═════ Input data
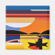 A.I. criou a interpretação de uma composição cubista e geométrica que representa a silhueta de um anjo vestindo um chapéu grande sentado num pequeno barco com a haste de pesca ancorada sobre um lago calmo refletindo o pôr do sol distante.
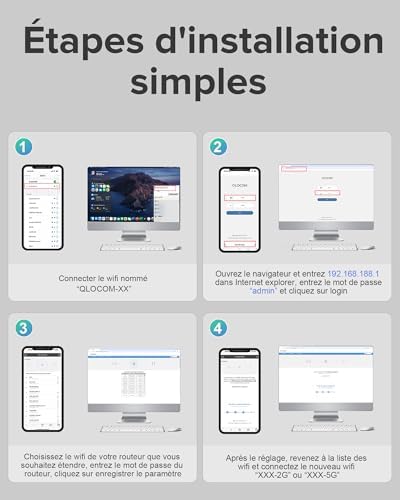 - Installation Facile : Connectez simplement l'amplificateur WiFi à votre routeur via une page web IOS/Android/PC pour une configuration rapide.
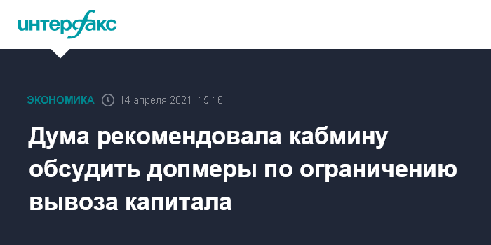 Москва. 14 апреля. INTERFAX.RU - Госдума рекомендует правительству обратить внимание на вывоз капитала из России и обсудить дополнительные меры, которые помогут избежать этого, следует из постановления, принятого на пленарном заседании в среду.
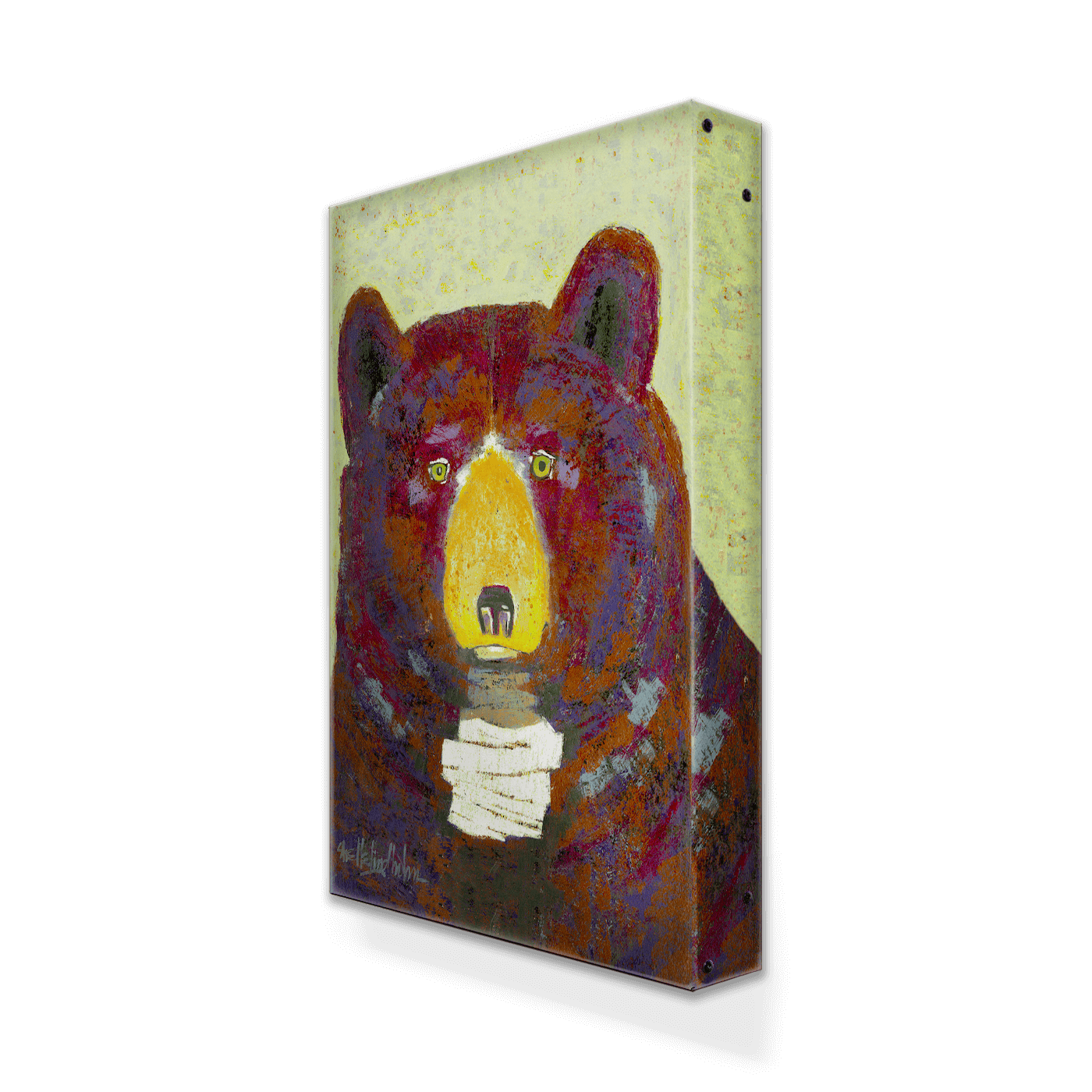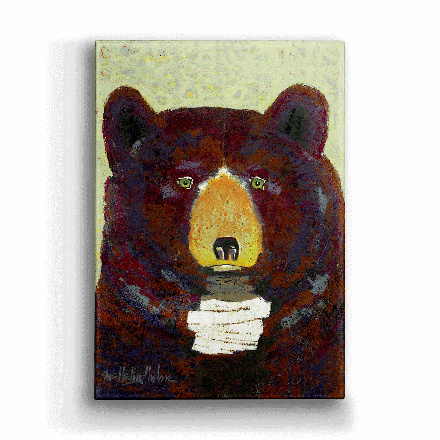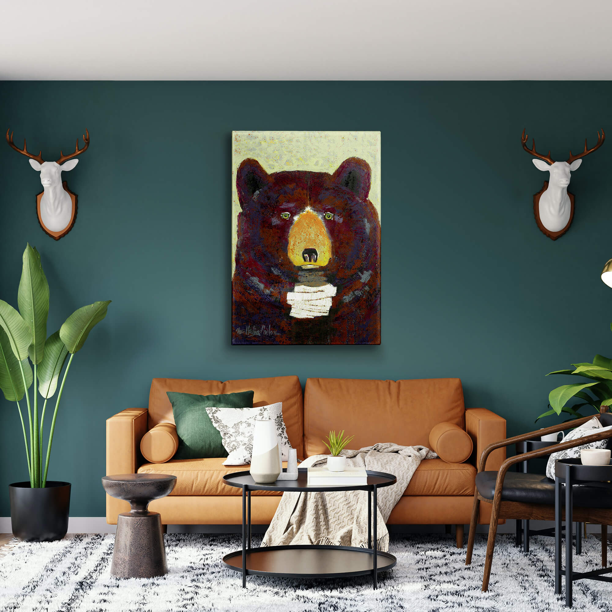 Step into the world of "Huck," an enthralling portrait of a bear rendered in deep, rich hues. This artwork captivates with its intense gaze and textured brushwork, highlighting the bear's rugged features against a speckled background. A perfect choice for collectors and enthusiasts of wildlife art, "Huck" combines traditional motifs with a contemporary artistic expression, making it a striking addition to both modern and rustic interiors.
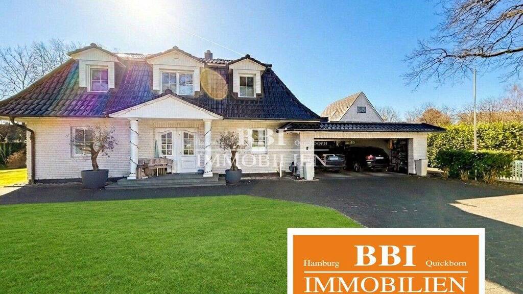 Abgerundet wird dieses außergewöhnliche Angebot durch eine großzügige Garage für 2-3 Fahrzeuge, zusätzlichen Carport sowie weitere Stellplätze - ideal für anspruchsvolle Haushalte mit Platzbedarf.
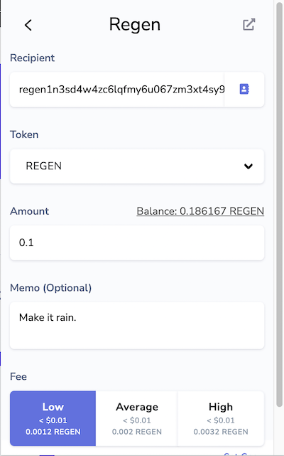 b. Enter the correct wallet address in the "Wallet Address" field and the amount you are moving in the "Amount" field. The "Memo" field is optional for transfers between Regen wallets, but can be used for any transaction notes.
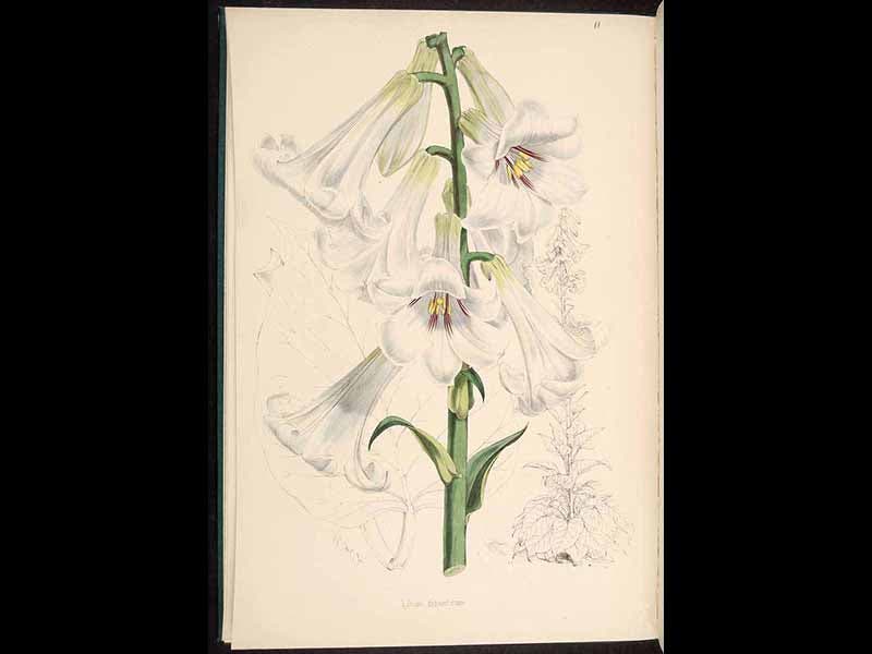 Henry John Elwes, an English botanist and world-traveler, was born May 16, 1846. Elwes began travelling at an early age, and as his family was well-to-do, he doesn't seem to have spent much time in gainful employment, aside from five years in the Scots Guard. At first he collected insects, but on a visit to the Middle East he took an interest in bulbs, the botanical variety, and when he eventually inherited the family estate of Colesbourne in Gloucestershire in 1891, he would make it the bulb paradise of England. Meanwhile, from 1877-80, he issued in parts his Monograph of the Genus Lilium. This folio-sized work contained 50 large lithographs of lilies, executed by the virtuoso botanical illustrator Walter Hood Fitch, and beautifully hand-colored. We have a complete set in the History of Science Collection, still in the original 7 parts, although the title pages of the individual parts were not retained. But our set has not been digitized, so the first five images above were taken from the online version of the Missouri Botanical Gardens Library.
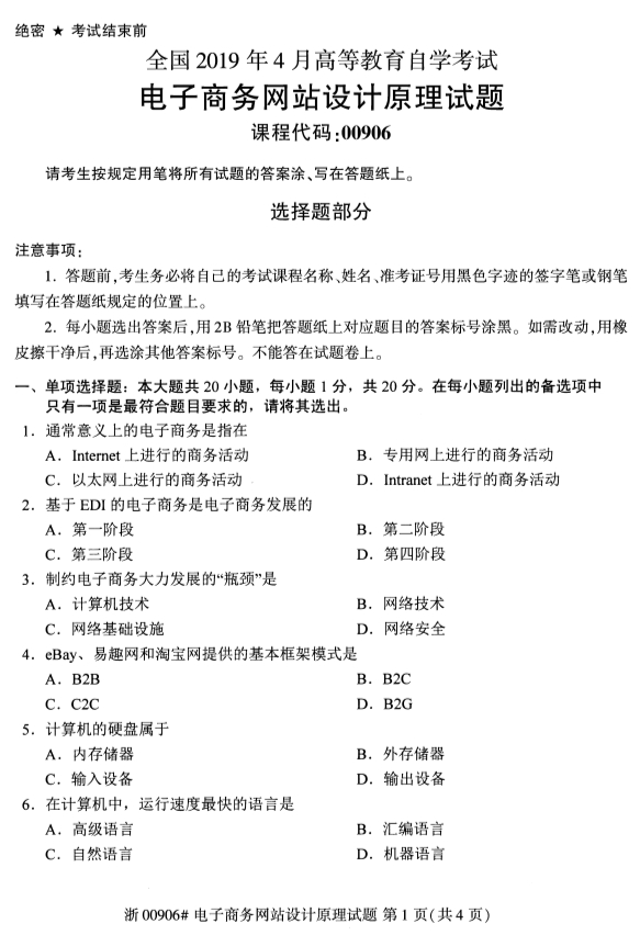 上一篇:全国2019年4月自考00896电子商务概论真题
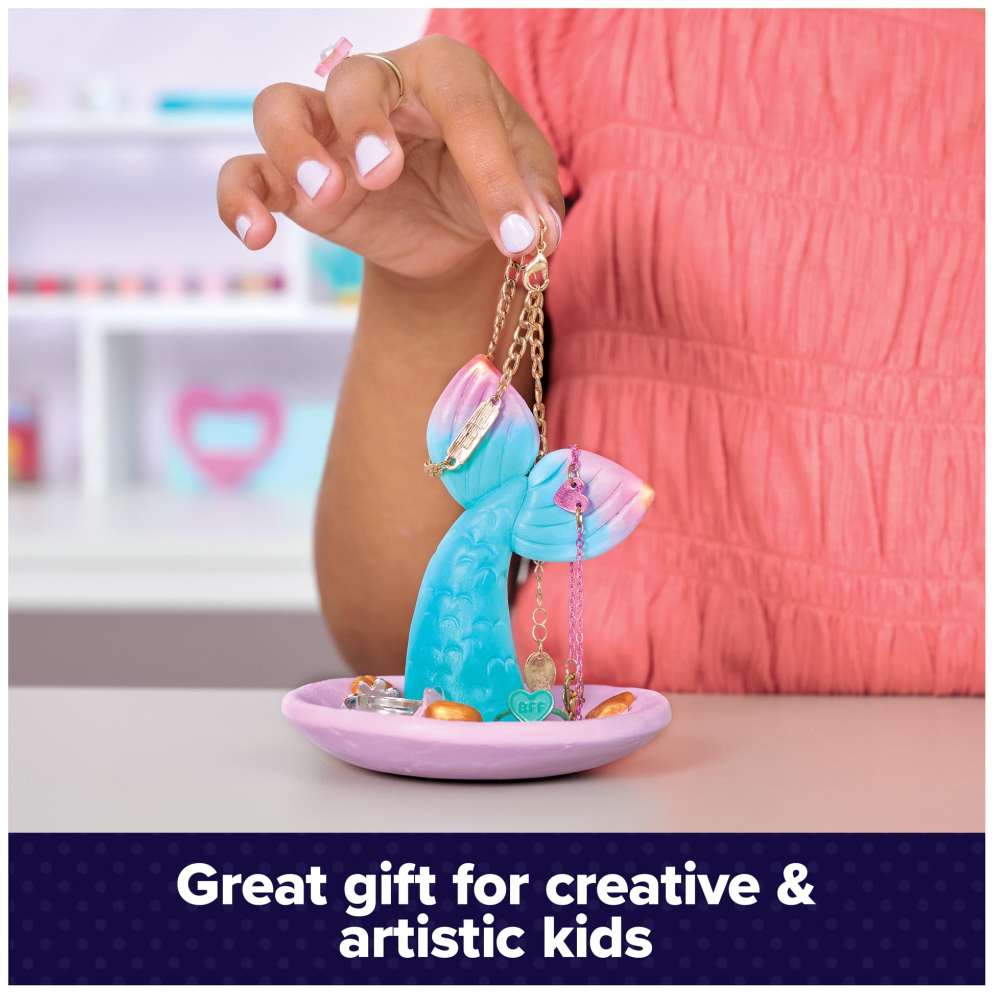 Details: Easily sculpt endless possibilities with the Cool Maker Pottery Studio. This innovative kids pottery wheel studio makes crafting and designing clay projects incredibly easy and fun for kids to do. Cool Maker has turned pottery upside down – simply place a clay disk onto the turntable, gently spray it with water and watch it spin and take shape in your hands. Cool Maker Pottery Studio’s unique design helps you create perfectly shaped pottery by letting gravity do the work for you. And once air-dried, the creativity really begins. This pottery kit for kids comes with multiple sculpting tools and 5 brightly colored metallic paints, so you can quickly customize each creation for a truly unique look. It’s pottery made easy. The Cool Maker Pottery Studio comes with everything you need to start right away. Create beautiful projects like a jewelry dish, cupcake pencil holder, and more. Discover a whole new way to create with clay with the Cool Maker Pottery Studio.
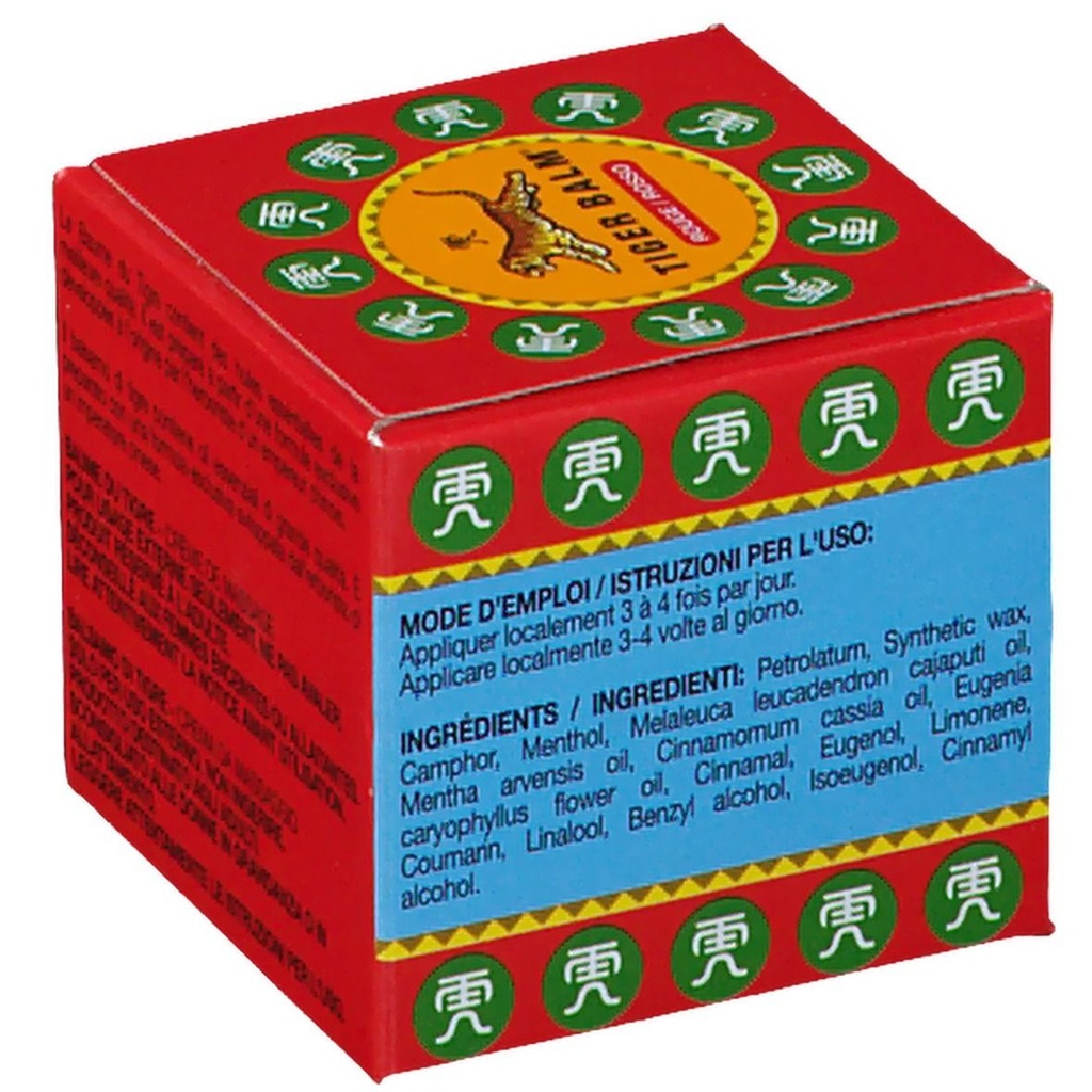 Composition du Baume du Tigre Rouge : Vaseline, Cire synthétique, Camphre, Menthol, Huiles essentielles de Cajeput (Melaleuca leucadendron), de Menthe des Champs (Mentha arvensis), de Cannelle Cassia (Cinnamomum cassia) et de Clou de Girofle (Eugenia caryophyllus), Cinnamal, Eugénol, Limonène, Coumarine, Linalol, Alcool benzylique, Isoeugénol, Alcool cinnamique.
══════════
Start with the line above containing "b. Enter the" and end with the line containing "上一篇:全国2019年4月自考00896电子商务概论真题". Set down that stretch exactly, without any pictures.

◆ **Result of the exercise**
 b. Enter the correct wallet address in the "Wallet Address" field and the amount you are moving in the "Amount" field. The "Memo" field is optional for transfers between Regen wallets, but can be used for any transaction notes.
 Henry John Elwes, an English botanist and world-traveler, was born May 16, 1846. Elwes began travelling at an early age, and as his family was well-to-do, he doesn't seem to have spent much time in gainful employment, aside from five years in the Scots Guard. At first he collected insects, but on a visit to the Middle East he took an interest in bulbs, the botanical variety, and when he eventually inherited the family estate of Colesbourne in Gloucestershire in 1891, he would make it the bulb paradise of England. Meanwhile, from 1877-80, he issued in parts his Monograph of the Genus Lilium. This folio-sized work contained 50 large lithographs of lilies, executed by the virtuoso botanical illustrator Walter Hood Fitch, and beautifully hand-colored. We have a complete set in the History of Science Collection, still in the original 7 parts, although the title pages of the individual parts were not retained. But our set has not been digitized, so the first five images above were taken from the online version of the Missouri Botanical Gardens Library.
 上一篇:全国2019年4月自考00896电子商务概论真题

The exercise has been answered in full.